Interoperability between different libraries and hardware platforms also lags behind the level seen in more mature cryptographic primitives. The Polynomial Intermediate Representation defined by the FHETCH consortium is an attempt to standardize how toolchains represent FHE programs for hardware targets, according to documents from FHETCH.
However, this work is still in early stages, and adopters must often commit to a particular software stack and parameter set that can be hard to change later.
Fully homomorphic encryption is also not immune to implementation risks. Like other cryptographic systems, FHE deployments must consider side-channel leakage via timing, power, or memory-access patterns, and mitigate these risks with careful engineering and system-level protections.
Energy use is another concern, especially for large scale deployments or edge devices. The extra arithmetic required for homomorphic operations can translate into higher power consumption and thermal output compared with plaintext processing on the same hardware.
For some organizations, these operational costs may be acceptable in exchange for stronger privacy guarantees, while others may find that alternative privacy-enhancing approaches better match their constraints.
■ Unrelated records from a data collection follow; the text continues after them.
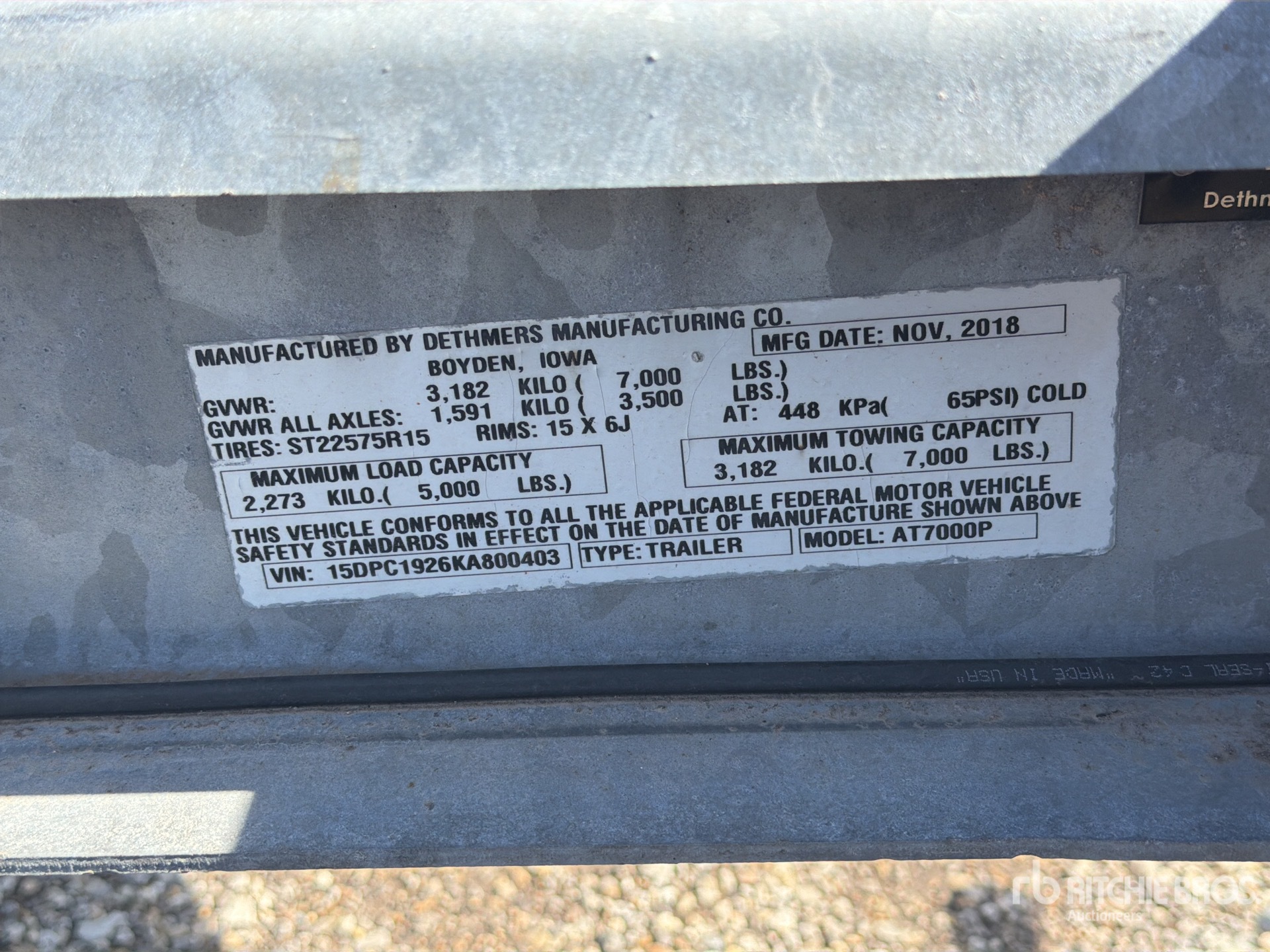 Galvanized Frame Ball Hitch, Torsion Axle, Surge Brakes, Soft Ties, 225/75R15 Tires, 7000 lb GVWR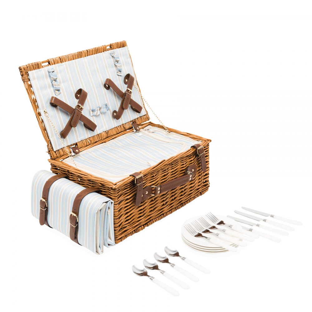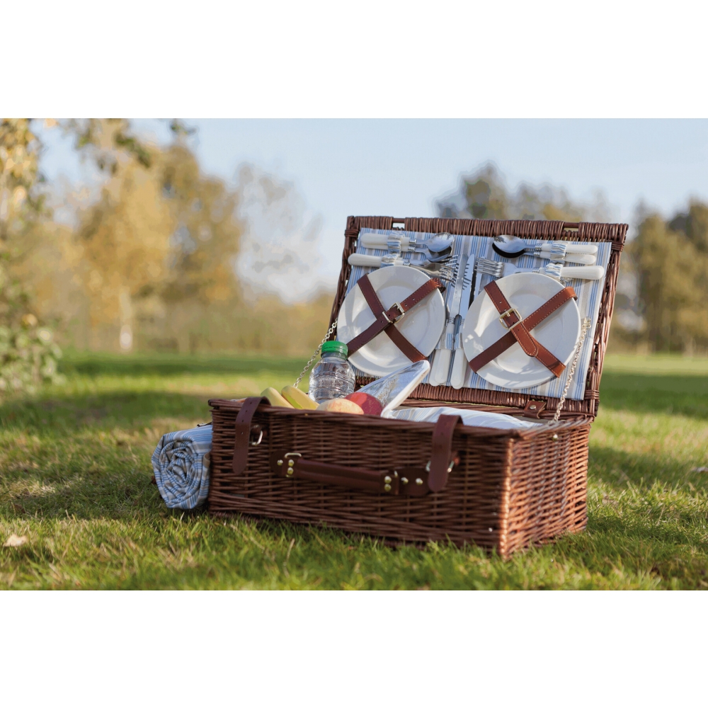 Artikel-Nr: INP56-0604034Weiden-Picknickkorb MADISON PARK für 4 Personen: isoliertes Reißverschluss-Kühlfach, inkl. Edelstahl-Besteck mit Kunststoffgriffen, Keramiktellern (mit Befestigungsgurten gesichert) und Picknickdecke mit beschichteter, schmutzabweisender Ober- und Unterseite, praktischer Tragegriff außen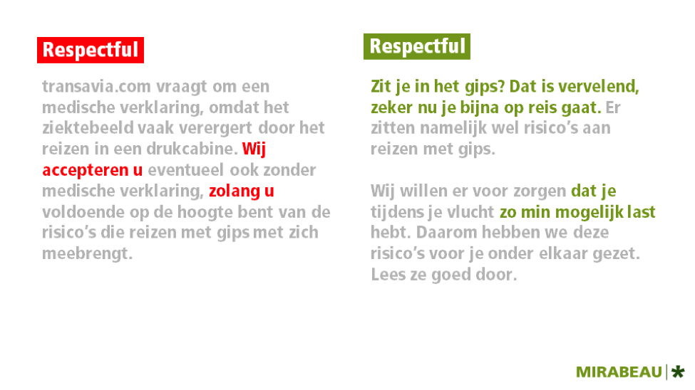 Het redesign van transavia.com was aanleiding om ook de verbal identity onder de loep te nemen. Een analyse van de bestaande tone-of-voice leverde interessante resultaten op. De merkwaarden ‘enthousiast’, ‘oprecht’ en ‘betrokken’, die binnen de organisatie zelf ook echt voelbaar zijn, kwamen niet terug in de toon van de websiteteksten.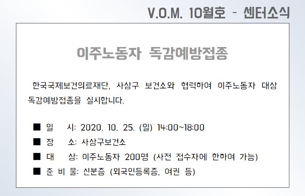 2020년 10월 – 대면상담 (방문 상담) 재개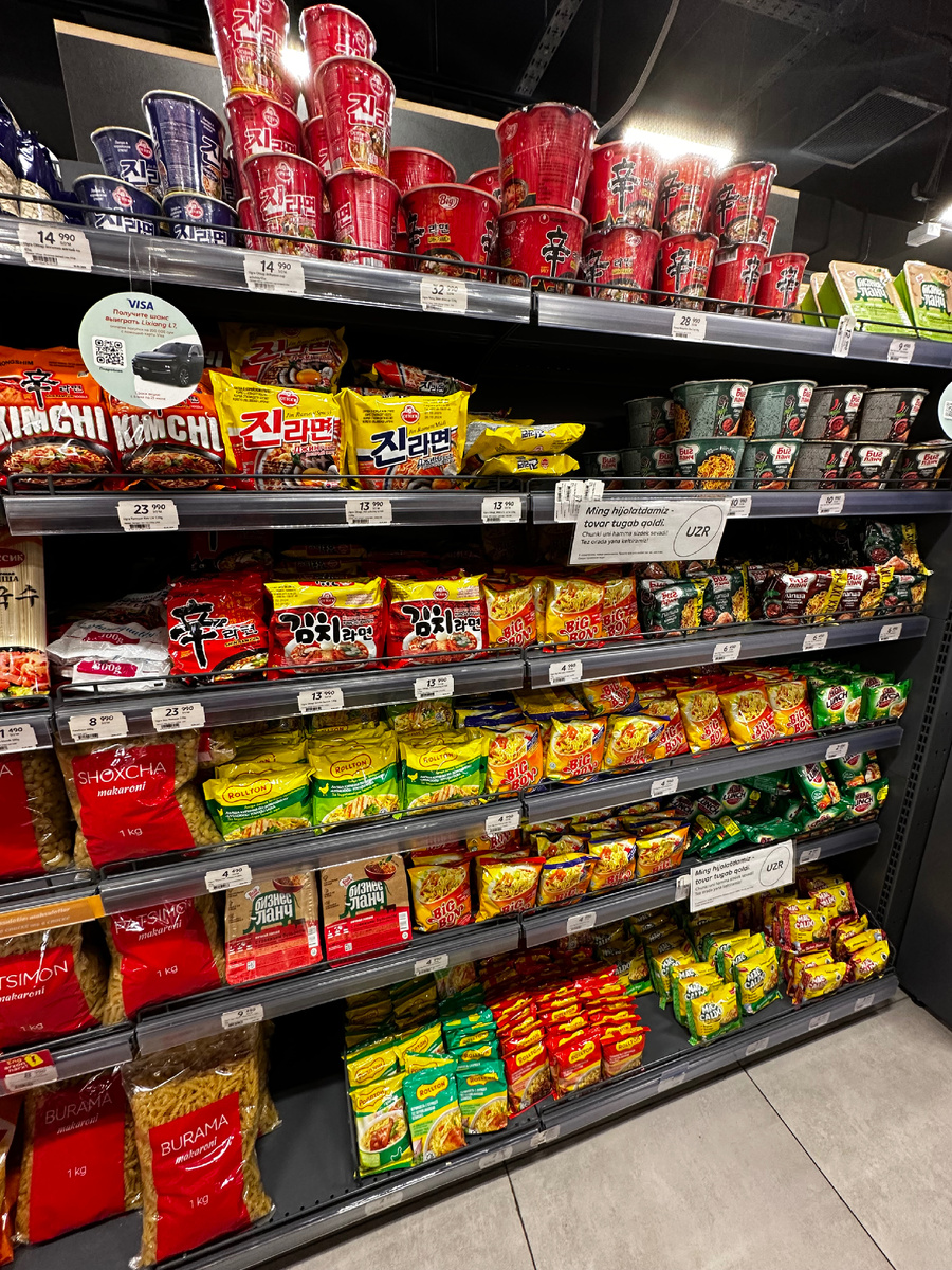 Возможно кому-то будет интересно сравнить ассортимент с такими магазинами, как Магнит или Пятерочка в России. А так же сравнить ценники с ценами на базарах Ташкента или в других странах.

Outlook for Late 2025 and Beyond
As of late 2025, fully homomorphic encryption sat at a transition point between theory and practice. Hardware accelerators, emerging intermediate representations, and applied evaluations in healthcare and space operations show that real workloads can run in homomorphic form, albeit with notable overhead.
At the same time, performance costs, integration challenges, and implementation risks mean that FHE is not yet a drop-in replacement for conventional cloud computing.
In the near term, the most likely adopters are organizations that face strong legal or strategic incentives to protect data even during processing, such as healthcare providers, financial institutions and defense organizations.
For these groups, the ability to outsource computation to shared infrastructure without exposing raw records can justify investment in specialized hardware and expert teams. General purpose encrypted cloud computing for arbitrary workloads appears further away.
For technical and policy leaders, the key question is where fully homomorphic encryption fits alongside other privacy-enhancing technologies. Secure multiparty computation, trusted execution environments and differential privacy each address different aspects of data protection.
FHE adds the ability to compute on encrypted data while keeping keys under the control of the data owner, and late-2025 level capabilities suggest it is now realistic to pilot in targeted domains where data minimization is non-negotiable.
Sources
- DARPA. "Data Protection in Virtual Environments (DPRIVE)." Defense Advanced Research Projects Agency.
- FHETCH Consortium. "Polynomial Intermediate Representation Draft." FHETCH, 2025.
- IBM Research. "FHENDI: A Near-DRAM Accelerator for FHE." IBM Research, 2025.
- National Institute of Standards and Technology. "NIH Workshop on Homomorphic Encryption and PET." NIST, 2024.
- Enveil. "Hybrid Space Architecture." Enveil, 2025.
- Rauthan, J. S. "Homomorphic Encryption in Healthcare Industry Applications for Protecting Data Privacy." arXiv, 2025.
- Lage, Hörmann, Hanke, Karl. "Collision Risk Analysis for LEO Satellites with Confidential Orbital Data." arXiv, 2025.